=== WORK INSTRUCTION ===
Please copy exactly the lines from the one containing "Torbica prve pomoči, ki" to the end of the entries, both included, and nothing else. Omit every picture.

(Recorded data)
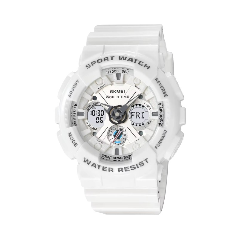 Ψηφιακό/αναλογικό ρολόι χειρός Skmei με εξαιρετικό σπορ design και στυλ που ταιριάζει σε κάθε ύφος και διάθεση.Χαρακτηριστικά:Άνετη εφαρμογήΑντοχή υγρασίαςΚαπάκι μπαταρίας από ανοξείδωτο ατσάλιΜήκος λουριού: 25cmΔιάμετρος καντράν: 51.3mm (με την κάσα)Πάχος καντράν: 18.8mmBacklightΒασικές λειτουργίες: Double Time 12/24h, Alarm, Ημερομηνία, Ώρα.
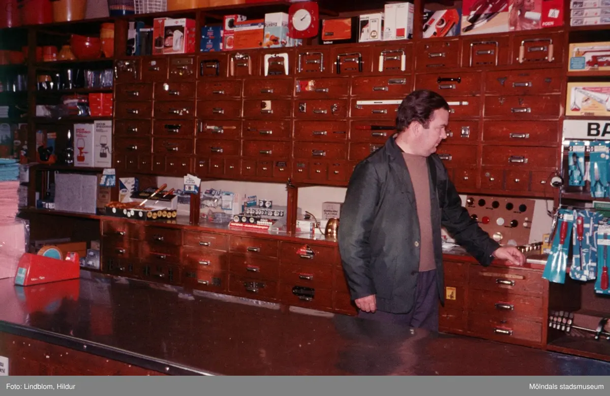 "Kjell i järnhandeln" bakom disken i C.J. Johanssons Järnhandel med adress Kvarnbygatan 27 i Mölndal, 1970-tal.
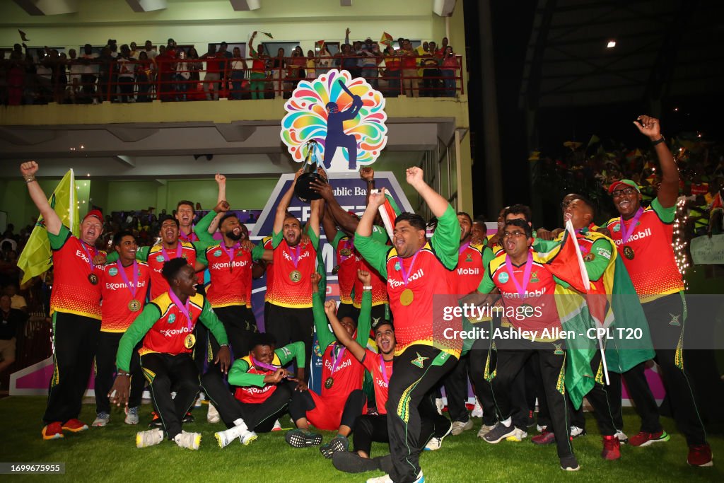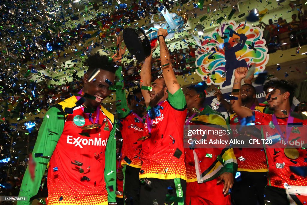 Odean Smith of Guyana Amazon Warriors lifts the Republic Bank Caribbean Premier League Trophy during the Republic Bank Caribbean Premier League Final between Trinbago Knight Riders and Guyana Amazon Warriors at Providence Stadium on September 24, 2023 in Guyana. (Photo by Ashley Allen – CPL T20/CPL T20 via Getty Images)Guyana Amazon Warriors players celebrate victory during the Republic Bank Caribbean Premier League Final between Trinbago Knight Riders and Guyana Amazon Warriors at Providence Stadium on September 24, 2023 in Guyana. (Photo by Ashley Allen – CPL T20/CPL T20 via Getty Images)Fans of Guyana Amazon Warriors cheer during the Republic Bank Caribbean Premier League Final between Trinbago Knight Riders and Guyana Amazon Warriors at Providence Stadium on September 24, 2023 in Guyana. (Photo by Ashley Allen – CPL T20/CPL T20 via Getty Images) Imran Tahir, captain of Guyana Amazon Warriors lifts the Republic Bank Caribbean Premier League Trophy after winning the Republic Bank Caribbean Premier League Final between Trinbago Knight Riders and Guyana Amazon Warriors at Providence Stadium on September 24, 2023 in Guyana. (Photo by Ashley Allen – CPL T20/CPL T20 via Getty Images)
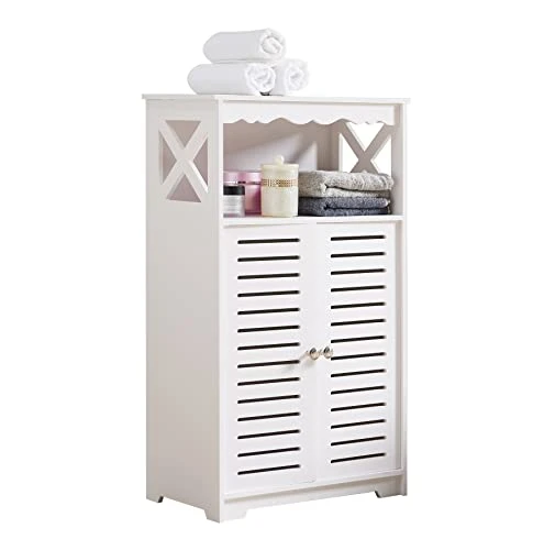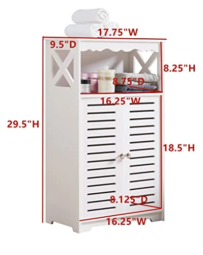 - The large cabinet with one interior shelf is perfect for all your bathroom essentials: towels, toilet paper and more, while the upper exposed shelf gives easy access to your daily toiletry needs.
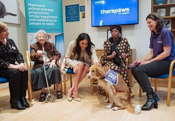 而在同一天的早些時候,梅根風格完全不同,她到位于倫敦西北部的動物福利慈善機構Mayhew訪問,上周女王宣布看中梅根的工作能力,一下就派了四個工作給她,包括擔任國家大劇院、大英國協(xié)大學協(xié)會、失業(yè)婦女機構smart work\動物權益機構mayhew的贊助人。
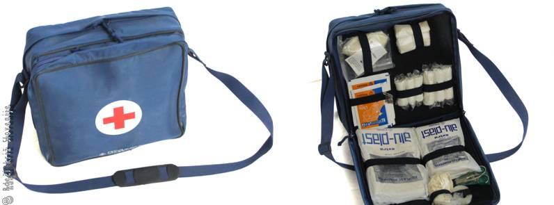 Torbica prve pomoči, ki jo uporabljajo ekipe Civilne zaščite in Rdečega križa.
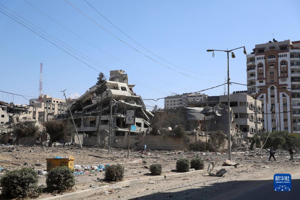這是10月13日在加沙城拍攝的遭以色列空襲損毀的建築。

=== TASK RESULT ===
 Torbica prve pomoči, ki jo uporabljajo ekipe Civilne zaščite in Rdečega križa.
這是10月13日在加沙城拍攝的遭以色列空襲損毀的建築。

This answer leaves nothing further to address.